(Items from a data source)
┌──

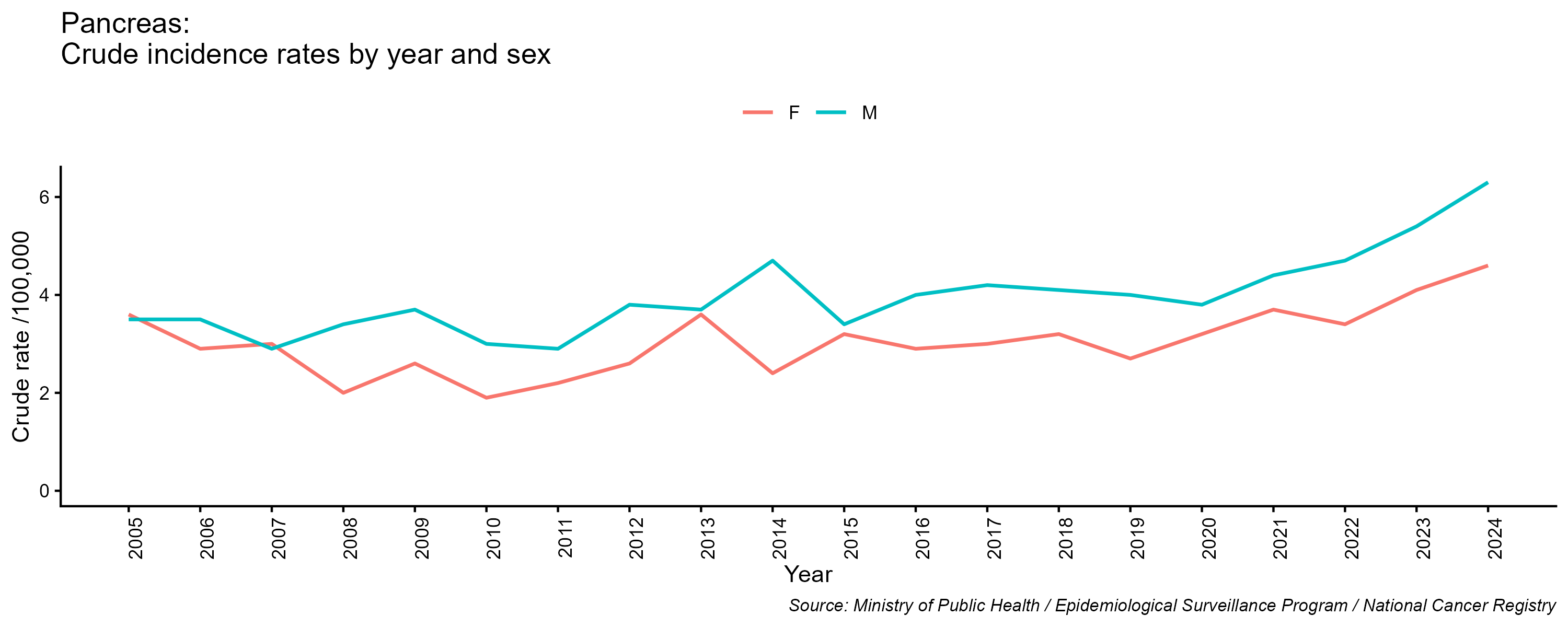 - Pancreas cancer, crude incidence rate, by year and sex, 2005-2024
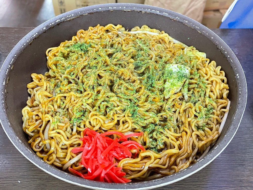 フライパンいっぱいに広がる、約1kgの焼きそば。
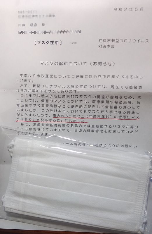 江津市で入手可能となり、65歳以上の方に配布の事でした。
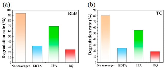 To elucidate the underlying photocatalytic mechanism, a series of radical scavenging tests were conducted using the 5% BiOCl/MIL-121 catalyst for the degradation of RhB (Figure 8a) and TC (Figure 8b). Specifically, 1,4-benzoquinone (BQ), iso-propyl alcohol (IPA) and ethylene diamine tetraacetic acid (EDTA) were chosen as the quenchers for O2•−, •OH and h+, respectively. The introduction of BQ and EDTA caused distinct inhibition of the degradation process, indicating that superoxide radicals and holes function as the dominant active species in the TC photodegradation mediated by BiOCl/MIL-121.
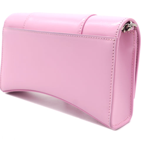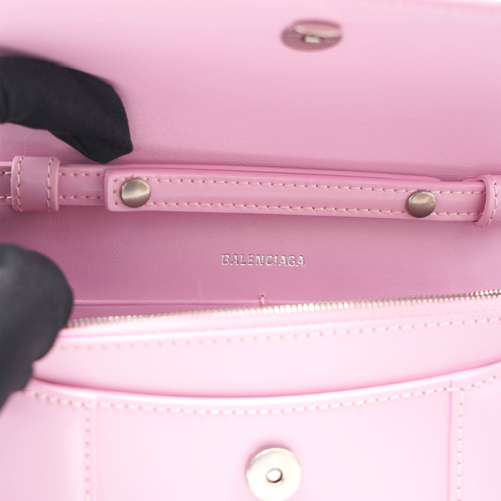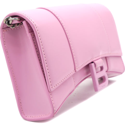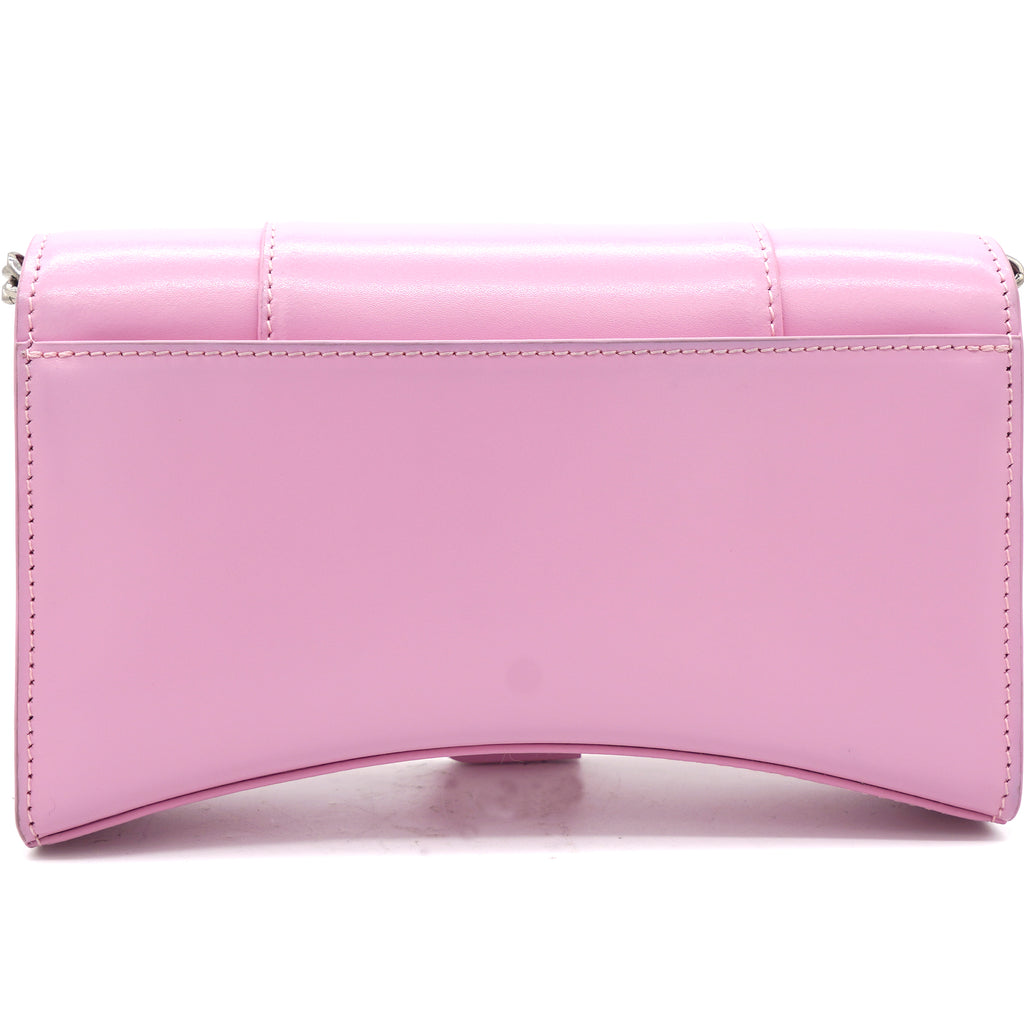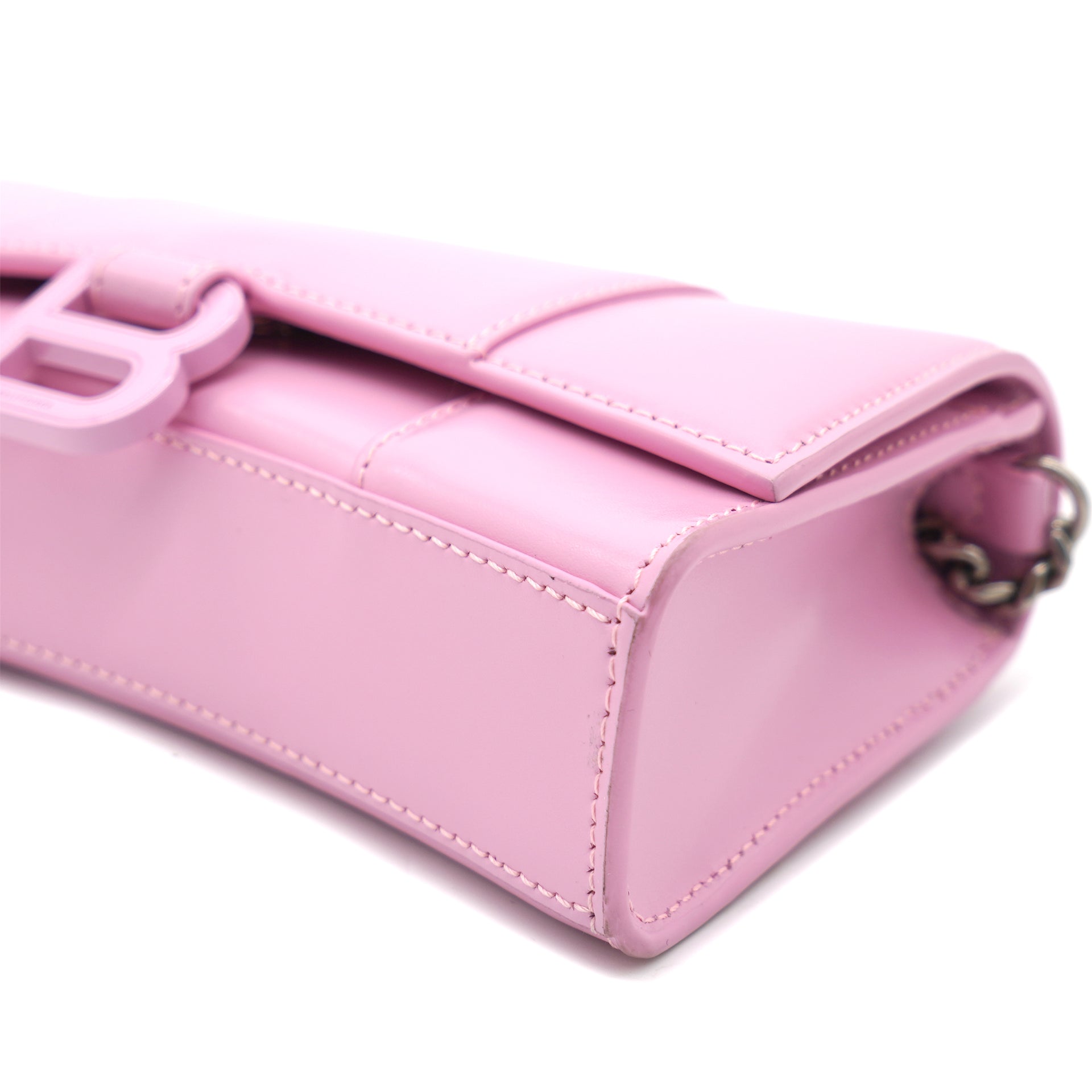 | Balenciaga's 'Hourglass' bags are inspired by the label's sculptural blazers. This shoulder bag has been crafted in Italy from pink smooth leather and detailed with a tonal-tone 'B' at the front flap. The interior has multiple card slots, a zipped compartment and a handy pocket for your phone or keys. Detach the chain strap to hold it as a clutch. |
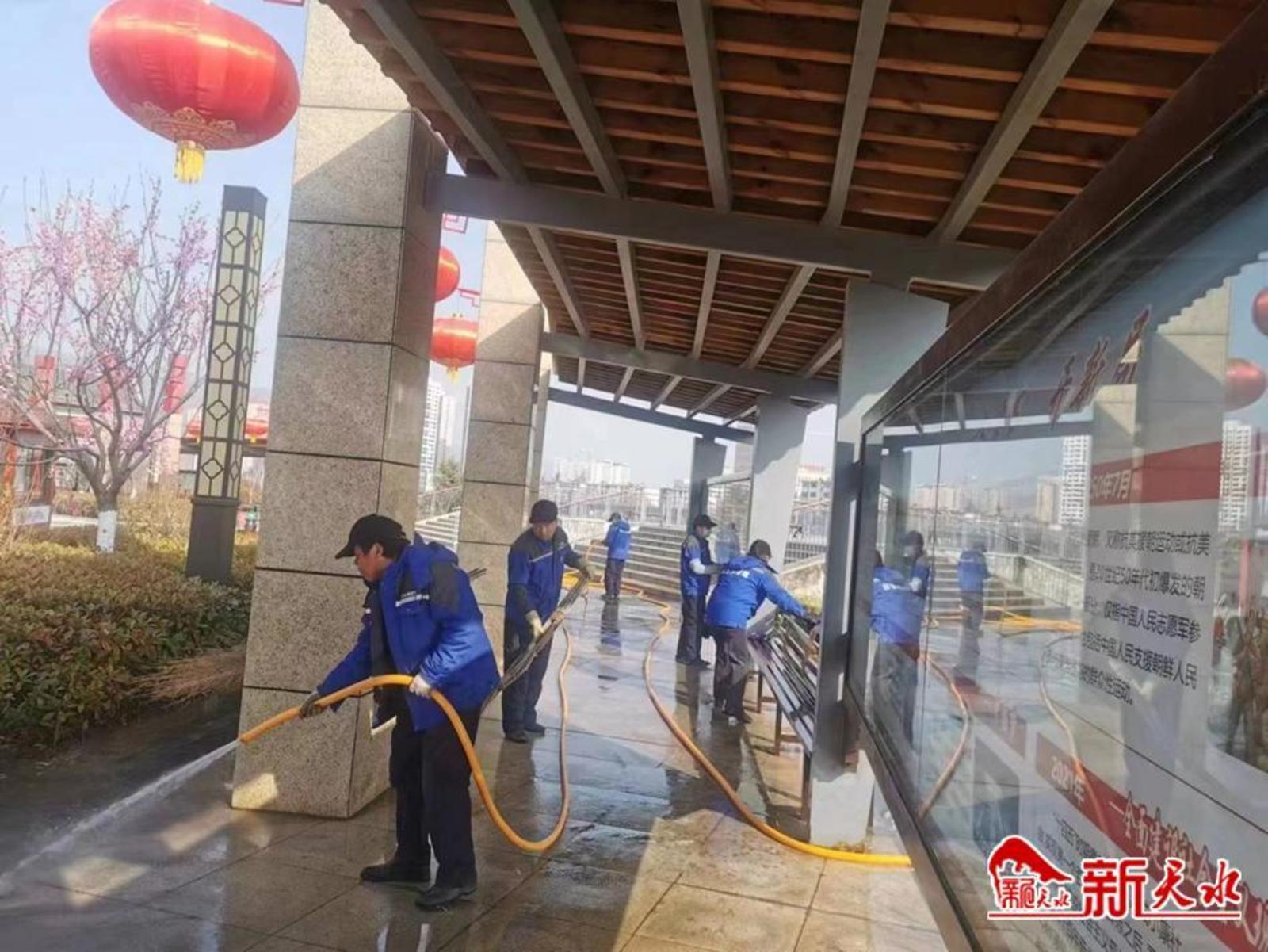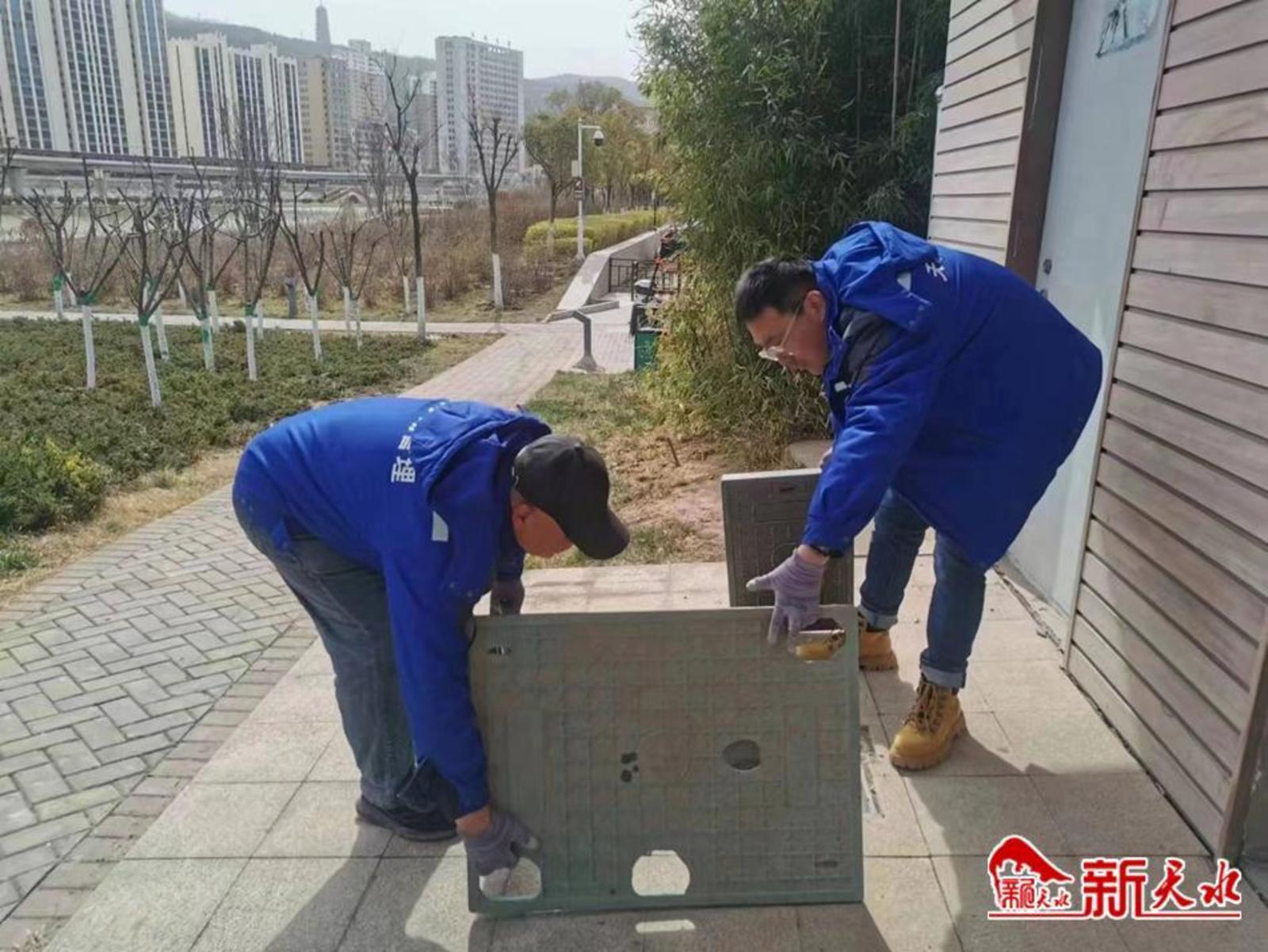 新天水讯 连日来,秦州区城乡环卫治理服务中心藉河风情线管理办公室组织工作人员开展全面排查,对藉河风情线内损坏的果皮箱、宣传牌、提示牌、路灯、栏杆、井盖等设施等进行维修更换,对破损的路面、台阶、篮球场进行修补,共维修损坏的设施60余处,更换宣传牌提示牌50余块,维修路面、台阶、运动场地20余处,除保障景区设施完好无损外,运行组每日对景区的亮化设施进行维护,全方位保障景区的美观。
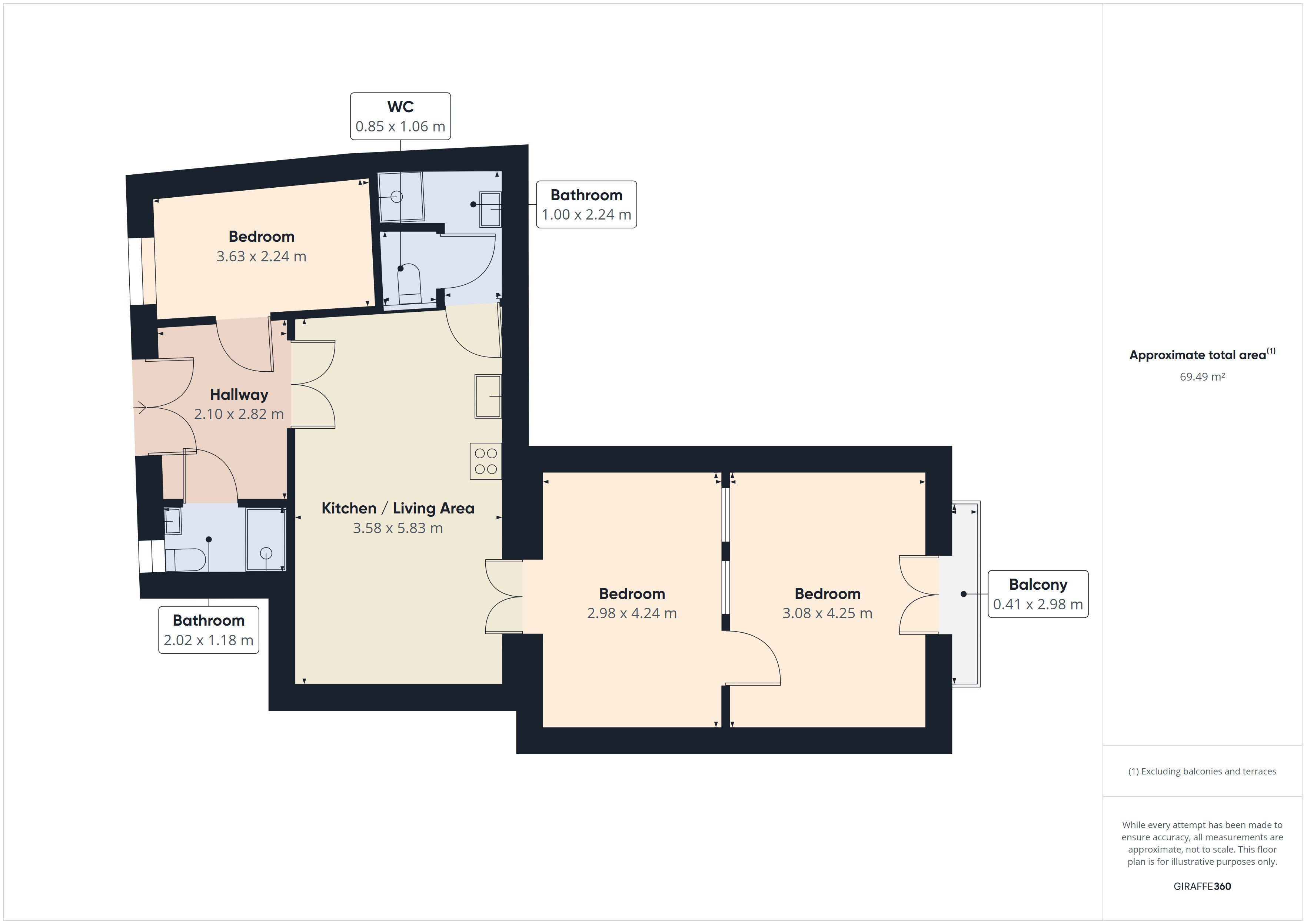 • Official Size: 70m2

└──

• WORK ORDER
Every entry above needs to be retyped exactly; drop the pictures.

• SOLUTION
 - Pancreas cancer, crude incidence rate, by year and sex, 2005-2024
 フライパンいっぱいに広がる、約1kgの焼きそば。
 江津市で入手可能となり、65歳以上の方に配布の事でした。
 To elucidate the underlying photocatalytic mechanism, a series of radical scavenging tests were conducted using the 5% BiOCl/MIL-121 catalyst for the degradation of RhB (Figure 8a) and TC (Figure 8b). Specifically, 1,4-benzoquinone (BQ), iso-propyl alcohol (IPA) and ethylene diamine tetraacetic acid (EDTA) were chosen as the quenchers for O2•−, •OH and h+, respectively. The introduction of BQ and EDTA caused distinct inhibition of the degradation process, indicating that superoxide radicals and holes function as the dominant active species in the TC photodegradation mediated by BiOCl/MIL-121.
 | Balenciaga's 'Hourglass' bags are inspired by the label's sculptural blazers. This shoulder bag has been crafted in Italy from pink smooth leather and detailed with a tonal-tone 'B' at the front flap. The interior has multiple card slots, a zipped compartment and a handy pocket for your phone or keys. Detach the chain strap to hold it as a clutch. |
 新天水讯 连日来,秦州区城乡环卫治理服务中心藉河风情线管理办公室组织工作人员开展全面排查,对藉河风情线内损坏的果皮箱、宣传牌、提示牌、路灯、栏杆、井盖等设施等进行维修更换,对破损的路面、台阶、篮球场进行修补,共维修损坏的设施60余处,更换宣传牌提示牌50余块,维修路面、台阶、运动场地20余处,除保障景区设施完好无损外,运行组每日对景区的亮化设施进行维护,全方位保障景区的美观。
 • Official Size: 70m2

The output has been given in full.